Adjuvant CDK4/6 inhibitor selection is increasingly individualized in HR–positive disease, with panelists emphasizing alignment of therapy with recurrence risk, menopausal status, and tolerability considerations. Abemaciclib’s OS signal supports its role in node–positive higher-risk disease, while ribociclib’s broader eligibility (including some higher-risk node–negative patients) is changing adjuvant conversations.

Emerging early-stage data with oral SERDs, particularly from the phase 3 lidERA trial, were highlighted as a significant advance after decades without a new endocrine monotherapy option. Komal Jhaveri, MD, FACP, of Memorial Sloan Kettering Cancer Center, described the advancement as very exciting, yet she and the other panelists urged caution, as there is a need for longer follow-up and clearer guidance on integration with established adjuvant CDK4/6 inhibitor backbones. 
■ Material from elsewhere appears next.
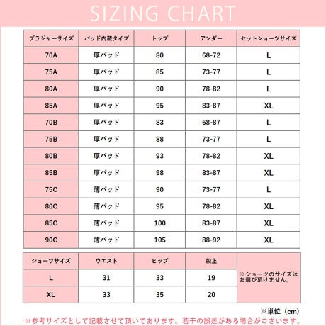 C90(薄パッド内蔵)→アンダー:88-92cm トップ:105cm ショーツXL

In the metastatic setting, the panelists praised community oncologists for routinely using liquid next-generation sequencing to identify actionable resistance mutations, including ESR1 and PI3K/AKT/PTEN alterations. For very high-risk endocrine-refractory PIK3CA-mutant disease, the updated PI3K-pathway data (e.g., inavolisib-based strategies) were framed as particularly meaningful because they target a population at high risk of early mortality if left untreated.

Bottom Line

SABCS 2025 delivered practice-informing—and in several areas, practice-changing—data. The most “tomorrow-ready” message for community oncology is this: the winning strategy is no longer only picking the most active drug, but pairing the right regimen with proactive toxicity management, logistics planning, and shared decision-making. With ADCs moving earlier, TNBC first-line expanding, and HR-positive resistance becoming increasingly targetable, the clinics that operationalize these advances safely will see the biggest real-world gains.